While the Commission is limited as to the number of licenses it can issue pursuant to the statute, the Commission intends to open a second offering of licenses for various license categories.

To learn more about the Alabama medical cannabis program visit amcc.alabama.gov.



Alabama Act 2021-450 establishes the Alabama Medical Cannabis Commission and authorizes the Commission to implement the Act by making medical cannabis derived from cannabis grown in Alabama available to registered qualified patients, by licensing facilities that process, transport, test, or dispense medical cannabis, and by administering and enforcing the Act and all rules adopted pursuant to the Act.


The Commission, per the statute, could award up to twelve (12) cultivator licenses, four (4) processor licenses, four (4) dispensary licenses, five (5) integrated facility licenses and an unspecified number of secure transport and state testing laboratory licenses.


Commission members are appointed to the commission for established terms by various appointing authorities, including the Governor, Lieutenant Governor, President Pro Tempore of the Senate, Speaker of the House of Representatives, Commissioner of Agriculture and Industries, State Health Officer, Attorney General, and Secretary of the Alabama State Law Enforcement Agency.  Each commission member represents certain segments that the legislature deemed important to the establishment and regulation of the medical cannabis program in Alabama. Members of the Commission include: Dr. William Saliski, Pulmonologist; Dr. Sam Blakemore, Pharmacist; Dwight Gamble, Banker; Dr. Angela Martin, Pediatrician; Dr. Eric Jensen, Biochemist; Loree Skelton, Attorney; Rex Vaughn, Farmer; Judge Charles Price, Circuit Judge; Taylor Hatchett, Farmer; James Harwell, Nurseryman and Landscaper, Dr.

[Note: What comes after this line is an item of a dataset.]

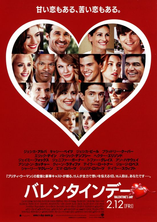 数多ある映画作品の中には、タイムリーな時期に観ないといけないモノがあります2015年の10月21日の水曜日に観なければならなかった極端な作品もございますが、本日観た作品の監督を務めましたゲーリー・マーシャルが手掛けるものには時期を選んで観るのが多いような気がします…そーでもないお話はとにかくイッパイでして…ロサンゼルスを舞台に老若男女のバレンタインの1日を描いた作品と書くと適当だと思いますバレンタインデーで朝から色めく男と女…同棲中の彼女に朝一でプロポーズする男がいれば、バレンタインの夜が一人になるためサンフランシスコ出張を引き留める女性、夜を共にしたばかりのカップルに飛行機の座席がたまたま隣り合わせだった男女、熟年夫婦に今日こそ告白だと意気込む男の子から今日こそ彼女と××だと意気込む学生さんまで…とにかくエピソードが満載過ぎまして粗筋が書けませんバレンタインの駆け引き合戦は、是非ご自分の目と耳でご確認してということでご了承下さいそして演者さんですが…コレもポスターを見れば判るとおり有名ドコロがイッパイ登場でして…コチラも是非ご自分の目でご確認ということでご了承下さいまぁ色々なラブエピソードが展開されますが所詮映画の中の美男美女の出来事よ…っと思うなか、ひとつウチにも訪れるやもしれぬエピソードがありました。それがヘクター・エリゾンドとシャーリー・マクレーンが演じます熟年夫婦のお話でして…銀婚式を迎えた我が夫婦ですが金婚式を迎えるぐらいに奥さんか衝撃の発言があるのではと映画を観て警戒した次第なになに、そもそも金婚式すらも迎えられないんぢゃないのってほっとけやっしかし2月14日に家で映画ってのもツライわぁぁぁ…

Jerzy Szflarski, Neurologist, and Dion Robinson, Department of Corrections.


Under Alabama’s program, registered certifying physicians may recommend medical cannabis to patients who have been diagnosed with autism spectrum disorder; cancer-related pain or nausea; Crohn’s Disease; depression; epilepsy or conditions causing seizures; HIV/AIDS-related nausea or weight loss; panic disorder; Parkinson’s Disease; persistent nausea; post-traumatic stress disorder (PTSD); sickle cell anemia; spasticity associated with multiple sclerosis or spinal cord injury; Tourette’s Syndrome; a terminal illness; or conditions causing chronic or intractable pain.

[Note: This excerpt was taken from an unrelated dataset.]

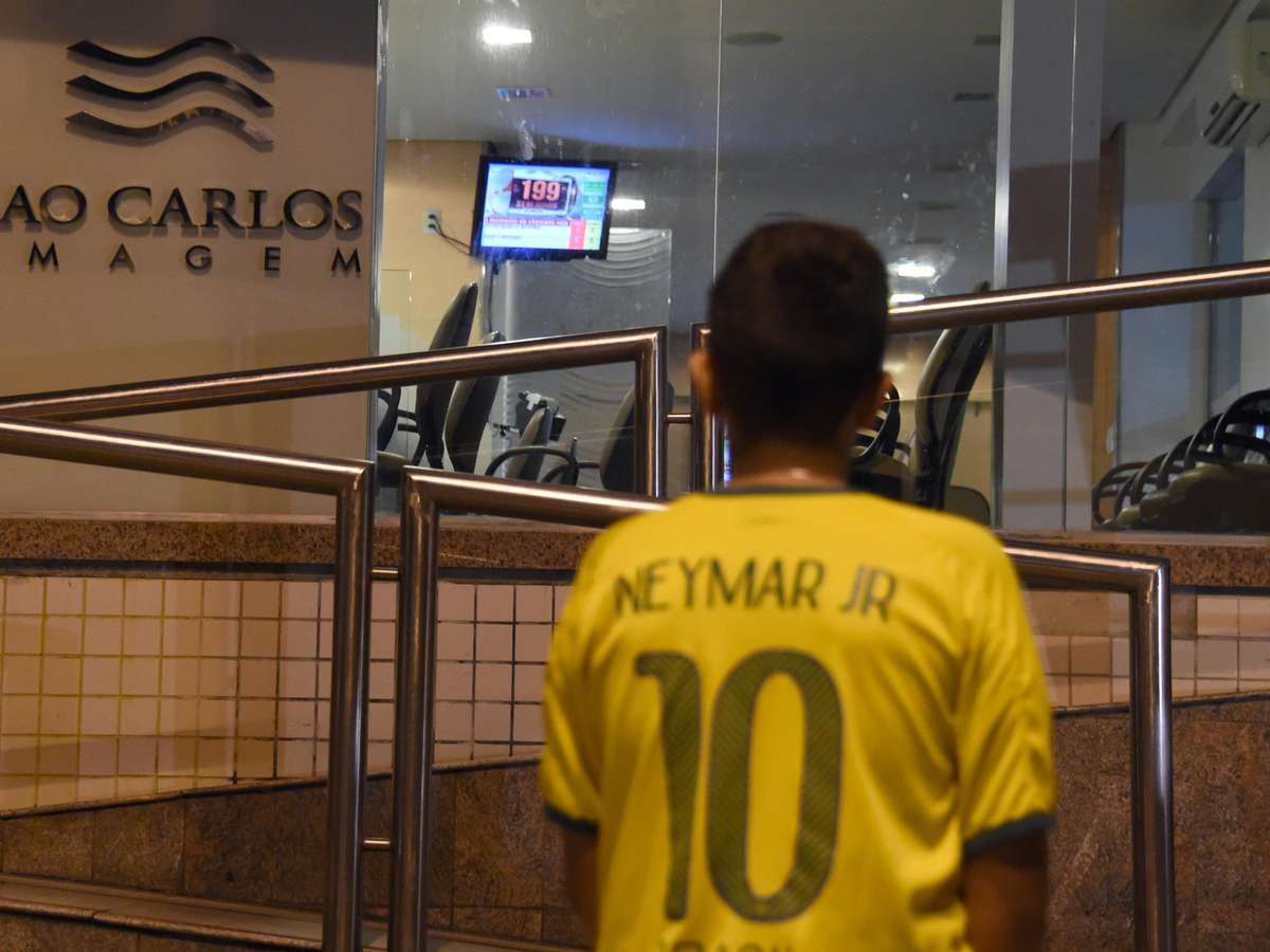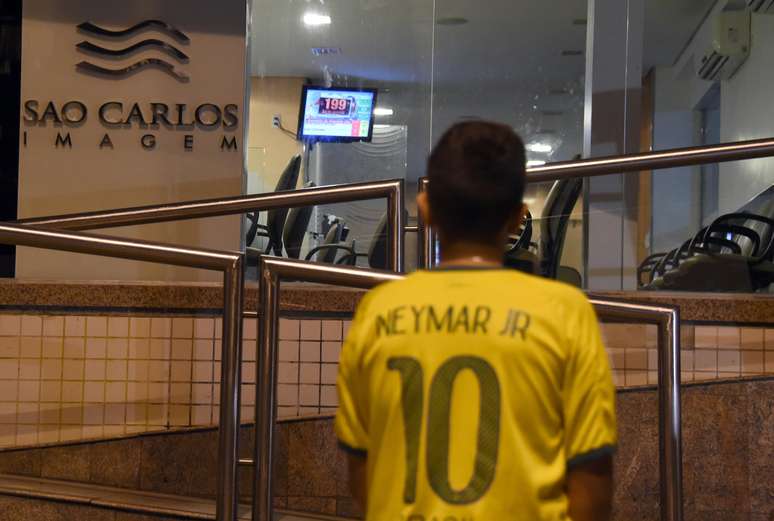 Torcedores se reúnem em frente ao Hospital São Carlos, em Fortaleza, para onde Neymar foi levado após lesão na partida contra a Colômbia na Arena Castelão. O jogador fraturou a terceira vértebra lombar e a recuperação levará cerca de quatro a seis semanas, o que o tira o do restante da Copa do Mundo. Neymar já deixou o hospital e deve seguir viagem ao Rio de Janeiro, junto ao grupo.

Medical cannabis products that may be recommended to patients include tablets, capsules, tinctures, gelatinous cubes, gels, oils or creams for topical use, suppositories, transdermal patches, nebulizers, or liquids or oils for use in an inhaler. Raw plant materials, products administered by smoking or vaping, or food products such as cookies or candies will not be allowed.